The competition comes amid significant market dynamics, with Nvidia currently maintaining a $3.4 trillion market valuation and a dominant position in China's AI chip sector. Chinese AI companies heavily rely on Nvidia's GPUs for training large language models, considering them essential for AI development. However, U.S. export controls have created opportunities for domestic alternatives.
Huawei faces technical challenges in this market transition. According to Bernstein's China semiconductor analyst Lin Qinguan, "While the Ascend chips perform well on a per-chip basis, there is a bottleneck with the inter-chip connectivity. While training a big model, you must break it into smaller tasks. If one chip fails, the software needs to figure out a way for the other chips to take over without delay."
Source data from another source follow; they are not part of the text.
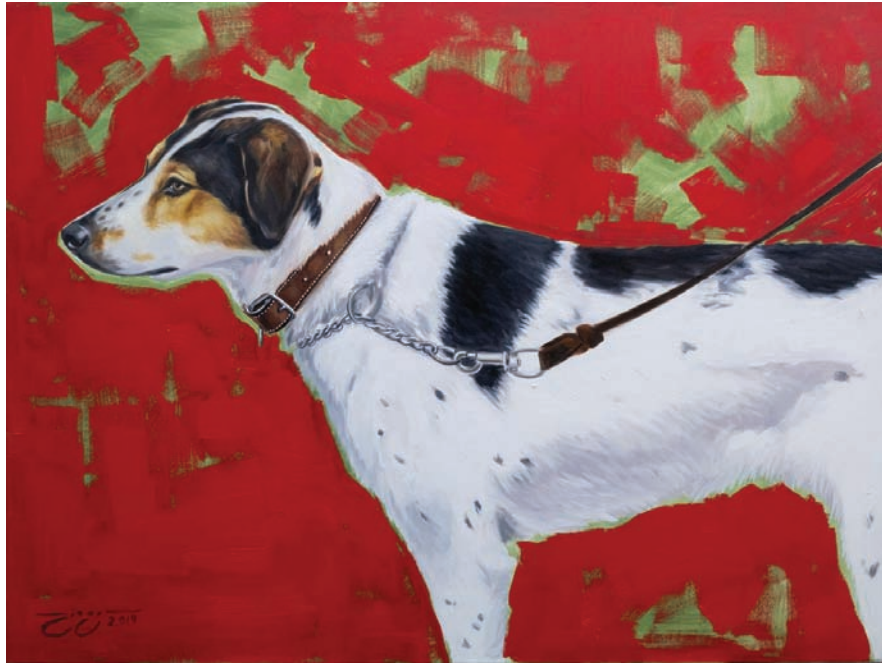
serie Testigos Urbano / Jorge Mazariegos Maldonado

Para no dejar de lado el arte guatemalteco, cabe mencionar a Jorge Mazariegos Maldonado, artista contemporáneo que pinta perros de distintas razas en su serie Testigos Urbano. Su peculiaridad es el retrato de canes encontrados a su paso en las calles de la ciudad que, según el artista, reflejan la vulnerabilidad del ser humano. Por último, una gran obra descubierta al momento de realizar el ensayo: Salvada, de Edwin Landseer. Pintura que demuestra el cansancio del perro terranova landseer luego de sacar a su pequeña amiga del agua, esperando -casi suplicando- a que vuelva a la vida. Es así, que los perros demuestran mucho más sentimiento que otras personas y estos han sido plasmados a través de la historia del arte.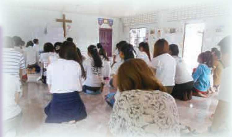
縱然團友不明白柬文詩歌的內容，但卻讓我們深深感受只要彼此同心敬拜，上帝便在其中。

跨 出香港這個安舒圈，看到最需要幫助的一群——柬埔寨的無家者、智障兒童，令我反思原來人的尊嚴是可以被剝奪得絲毫不剩，原來尊嚴在現世代與金錢是如此密不可分。感謝上主給我這個珍貴的機會去接觸一個與香港有如斯大差別的地方，成為我成長的轉捩點，更懂感恩！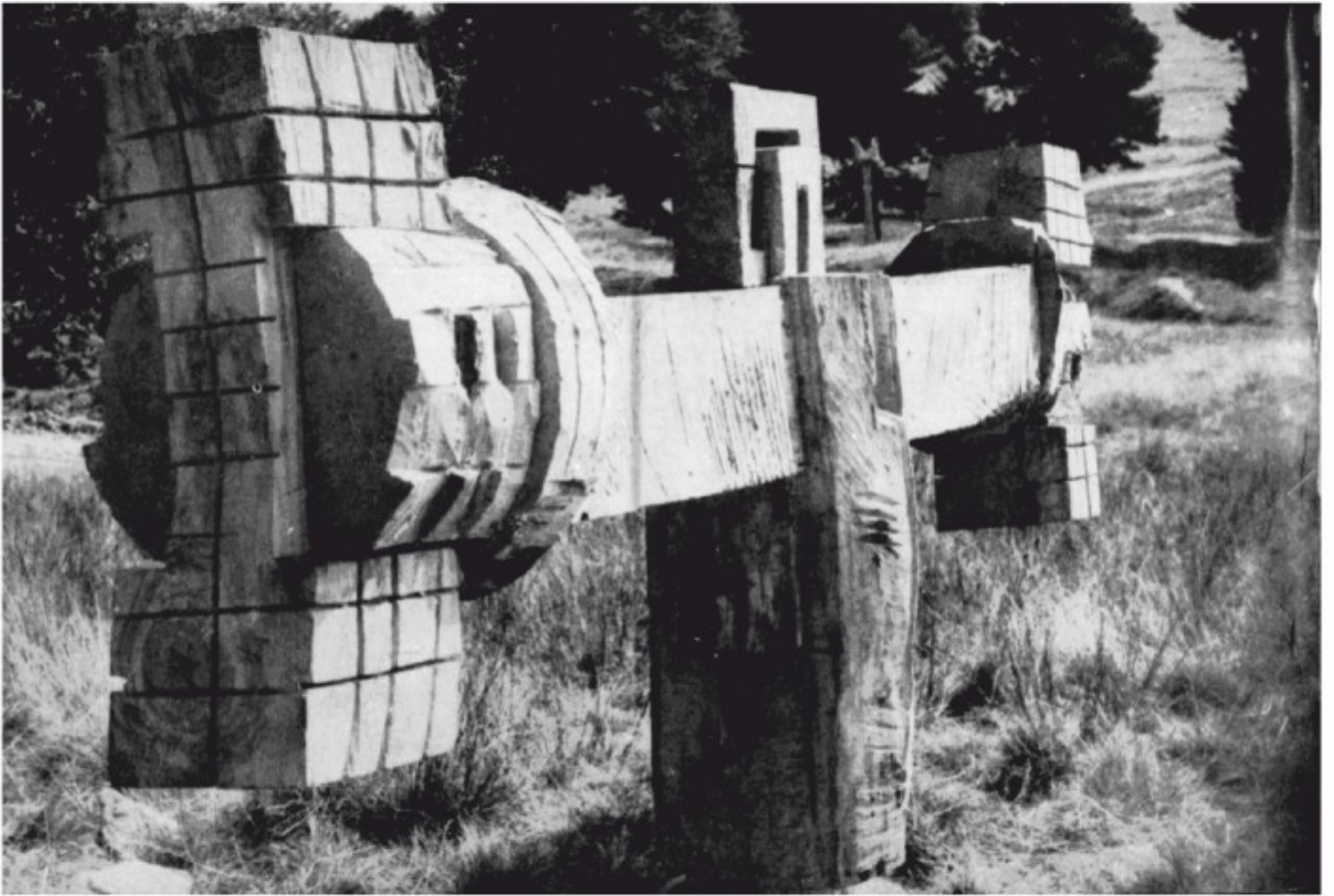
Zbor - Săliște, Sibiu, lemn, 1979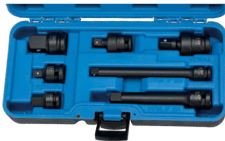
7-PC IMPACT ACCESSORY KIT / JEU DE 7 ACCESSOIRES POUR DOUILLES À CHOCS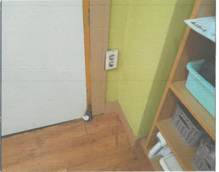
1층 방과후 교실 콘셋트 타락 보수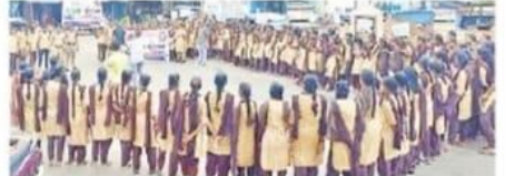
భీమిలి పాతబస్ స్టాండ్ కూడలిలో విద్యార్థుల మానవహారం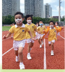
身腦一體，運動即活腦，低班同學在寬敞的運動場上輕快奔跑，使身心放鬆並整合全腦，為一天的學習做最佳準備。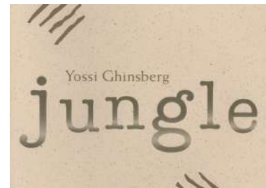
Author of the bestseller “Jungle: A Harrowing True Story of Survival”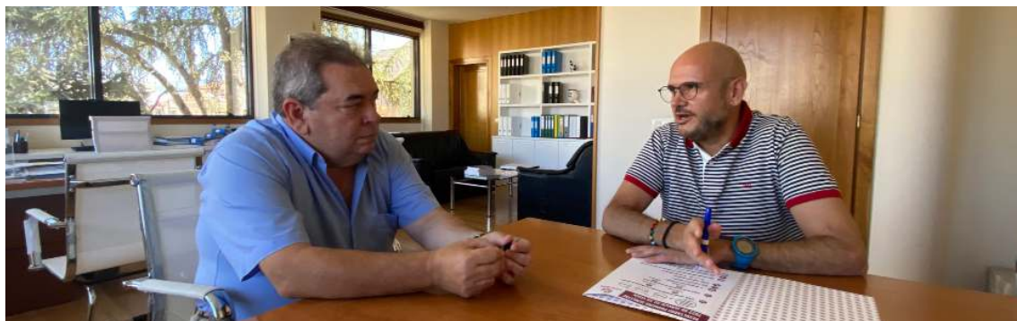
Convenio co Concello de Verín para a cesión de espazos de atención do noso Servizo de Emprego

9% Lugo 35% Pontevedra 44% A Coruña 35% Ourense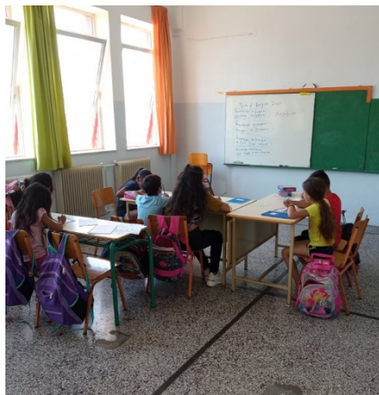
ΕΝΙΣΧΥΤΙΚΕΣ ΠΑΡΕΜΒΑΣΕΙΣ-17ο ΔΣ ΧΑΝΙΩΝ-ΠΕΡΙΦΕΡΕΙΑ ΚΡΗΤΗΣ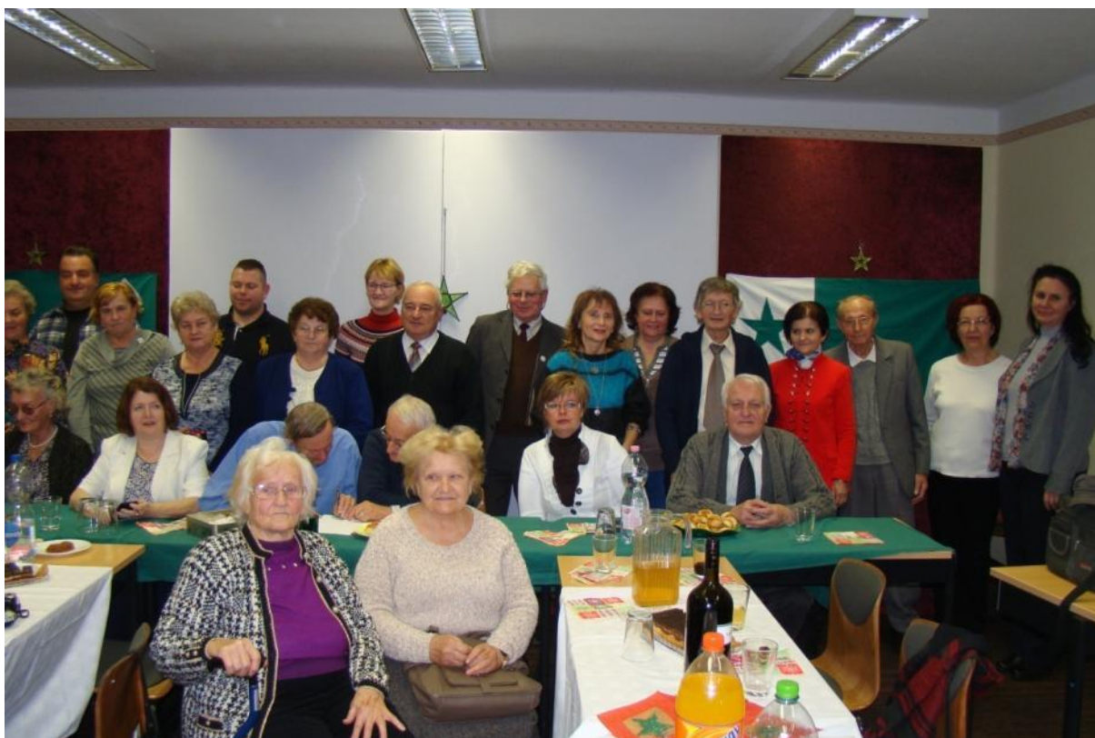
Partoprenantoj de la memorfesto

Por mi estis granda ĝojo kaj honoro, ke la „Verda Stelo” Esperanto Societo en Nyíregyháza invitis min partopreni en la ĉi-jara Zamenhof-memorfesto. Jam estas tradicio, ke ĉi tiu societo organizas ĉiujare tiun aranĝon, kiu okazis la 10-an de decembro en la fervojista kulturdomo. La gastoj venis el Budapeŝto, Debrecen kaj Miskolc, kaj kune kun la lokaj esperantistoj entute partoprenis 30 personoj en la memorfesto.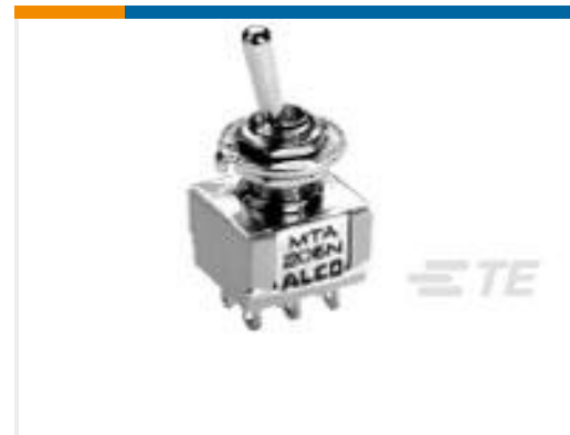
TE 产品编号7-1437558-5 MTE206R=(MSTE) SW TOG WATERPRO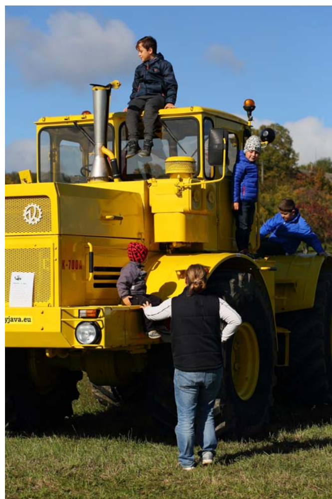
Kirovec nemal ani chvíľu pokoja, stále bol ovešaný deťmi.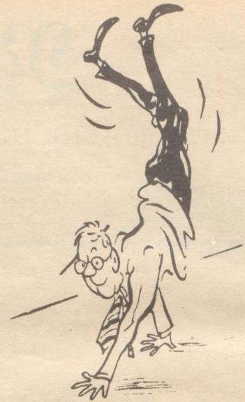
Ein bißchen Akrobatik kommt der Verdauung zugute –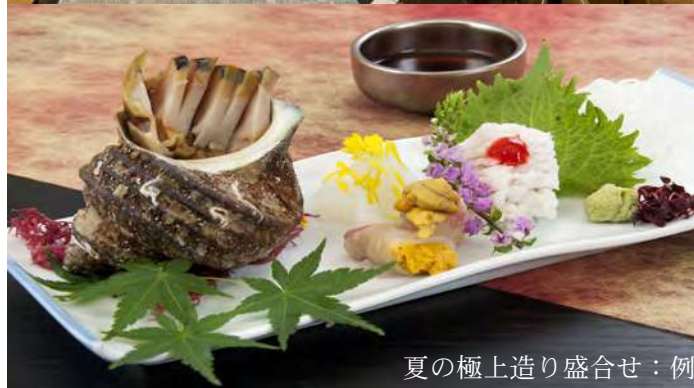
夏の極上造り盛合せ:例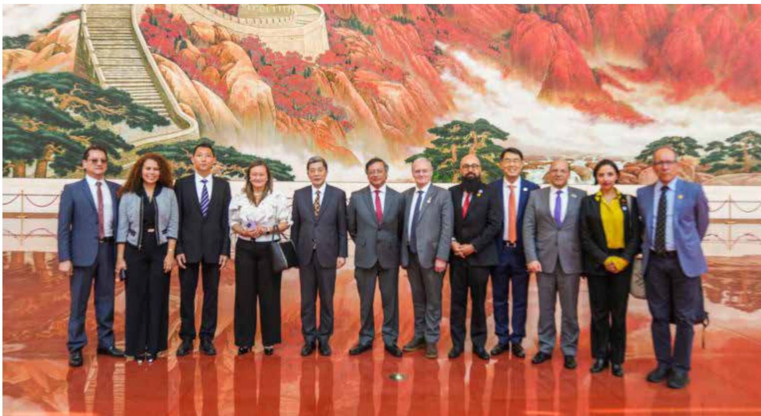
El presidente Gustavo Petro acompañado por los miembros de la delegación colombiana durante la visita al Museo del Partido Comunista de China

El Museo del Partido Comunista de China, inaugurado en 2021, es una institución dedicada a la historia del Partido Comunista Chino (PCCh). Se ubica en Beijing, cerca del Parque Olímpico.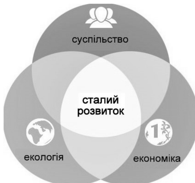
Рисунок 1 – Основні складові елементи концепції сталого розвитку у глобальному трактуванні [2]

У 2015 році відбувся Саміт зі сталого розвитку і була видана резолюція Генеральної Асамблеї Організації Об'єднаних Націй від 25 вересня 2015 року № 70/1, де було схвалено план дій на період дій після 2015 року. Згідно з програмним документом було виділено 17 цілей і 169 задач. Цілі і завдання, які були затвердженні мають комплексний характер і збалансовують складові концепції сталого розвитку: економічну, екологічну і соціальну (рис. 1).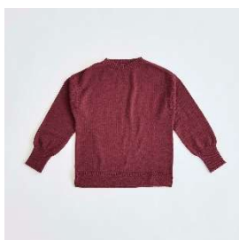
ウールセーター 15,400円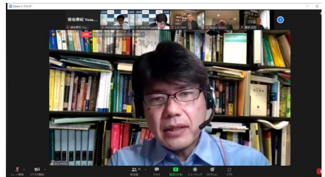
写真2 The JACM Computational Mechanics Award ご受賞の挨拶をされる高木 周教授

10名の先生方は計算力学とその関連分野で大変大きな功績を残されてきた方々です。今回,10名と大変多くの方々々に名誉員に就任頂きましたが,2010年に白鳥正樹先生(横浜国大名誉教授),矢川元基先生(東洋大教授/東大名誉教授),小林昭一先生(京大名誉教授),小林敏雄先生(日本自動車研究所長/東大名誉教授),里深信行(京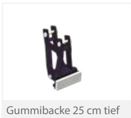
Gummiacke 25 cm tief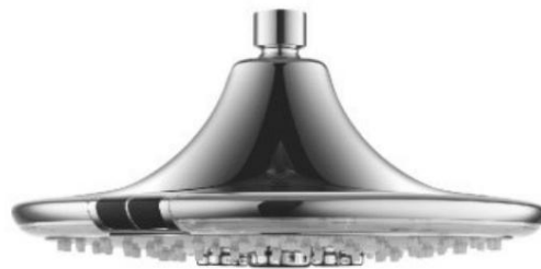
Soffione a pioggia con sensore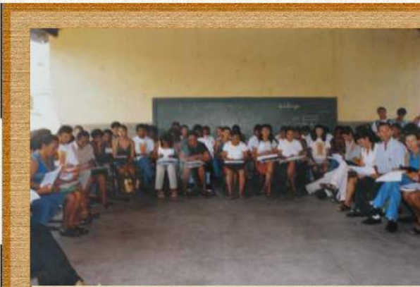
Reunião de abertura da fase presencial do curso Proformação para professores leigos Oeiras-PI/2000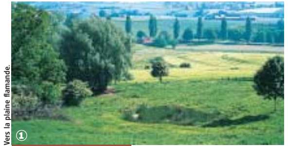
Vers la plaine flamande.

Cassel, Oxelaëre, Ste-Marie-Cappel, St-Sylvestre-Cappel, Terdegheem, Steenvoorde (18 km - 4 h 30)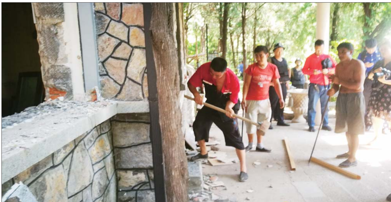
金鸡岭别墅区违建拆除现场。

在违建区域设置警戒线,从北向南3栋(处)违建同时进行拆除。伴随着拆除机械的轰鸣声,洒水车配合洒水降尘,经过几个小时奋战违建全部拆完,隐藏在周边绿林中的违建消失不见。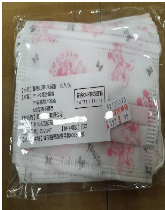
遭偽造之標籤貼紙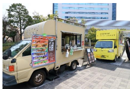
イベント開催イメージ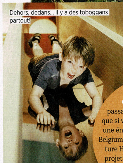
Dehors, dedans... il y a des toboggans partout!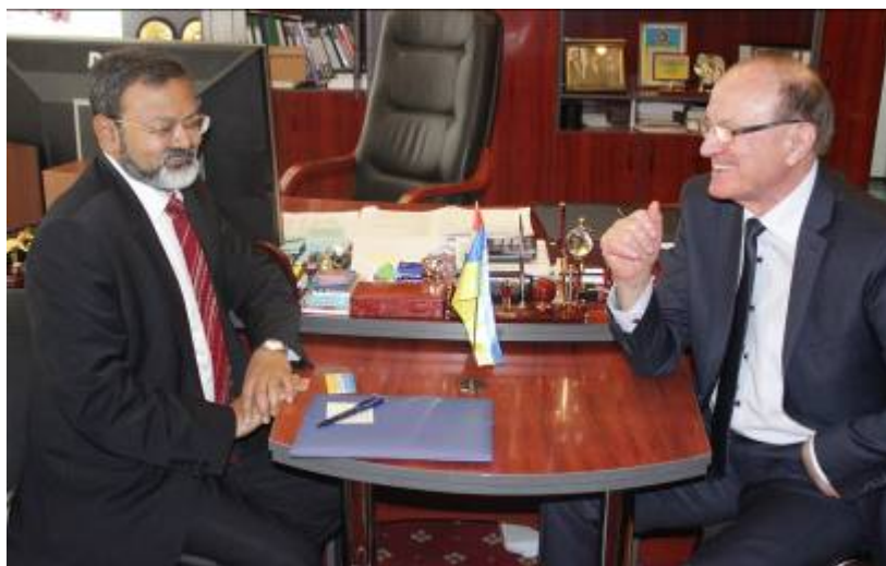
Візит Надзвичайного і Повноважного Посла Індії в Україні Манодж Кумар Бхарті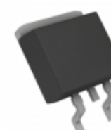
BA78M20FP-E2 Rohm Semiconductor IC REG LDO 20V 0.5A TO252-3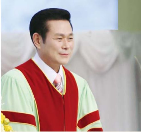
И Жей руг пастор

“Харин дээрээс ирэгч мэргэн ухаан нь нэгд ариун, тэгээд амар тайван, эелдэг, ул суурьтай, өршөөл ба сайн үр жимсээр дүүрэн, ялгаварладаггүй, хоёр нүүр гаргадаггүй аж. Үр жимс нь зөв байгчийн үр нь амар тайвныг бүтээгчдээр амар тайванд таригддаг юм” (Иаков 3:17-18).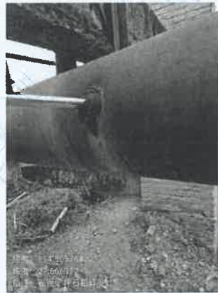
坪石选矿厂粗碎除尘器出口

A significant hurdle for Huawei lies in persuading Chinese companies to adopt its proprietary software platform instead of Nvidia's widely-used CUDA framework. To address this, Huawei is actively supporting firms in transitioning to alternative software tools that enable their Ascend chips to perform inference tasks effectively.
The Chinese government has thrown its support behind Huawei's initiative, encouraging domestic companies to prioritize Huawei's AI chipsets over Nvidia's offerings. Industry insiders now regard Huawei as "the most serious competitor" to Nvidia within China, particularly given their advancing chip design capabilities.
Huawei's latest development, the Ascend 910C processor, aims to address limitations found in previous generations. The success of this initiative could reshape the competitive landscape of China's AI chip market, though the outcome remains uncertain.